Our solution isn't super ambitious: it involves one static version of the source document as it was at citation time. In WikiRate's case, static is arguably preferable, because citations can have specific content references that will get lost in an update. But WikiRate is probably unusual in the need for cached source files; I wouldn't expect many other sites to borrow that functionality.

I see. The static version would be quite nice to have. Some really important information gets lost in the internet history.

The shared functionality is what you proposed, the external link tracking. That's just a record of the link and its validity. In WikiRate's case, it makes sense to provide a link to the external source version so long as the reference is still valid. That will avail users of any dynamic (JS, etc) functionality, so long as the source is there.

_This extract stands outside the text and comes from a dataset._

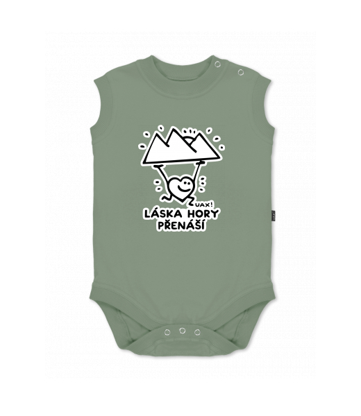 Baby body sleeveless with design for kid with design 1264 LÁSKA HORY PŘENÁŠÍ in color OLIVA

Yes that is exactly what I have proposed. The external links tracking, if the site is alive at the link. It would be also good to have some mass update functionality if only the source moved to different link like e.g. domain.com/I_was_here now it is at domain.com/new_site/old_information/I_m_here.

Re resources, while our (cloud-based) file storage will undoubted grow, we won't be updating it with every source update. The only major database growth would be the external link tracking, which isn't storing much more than (1) referring card id, (2) referee uri, and (3) current http status. That should be manageable.

Yes that is reasonable. I was talking more on the copy site to wikirate case. In case of external link tracking that should be manageable, even to say desirable.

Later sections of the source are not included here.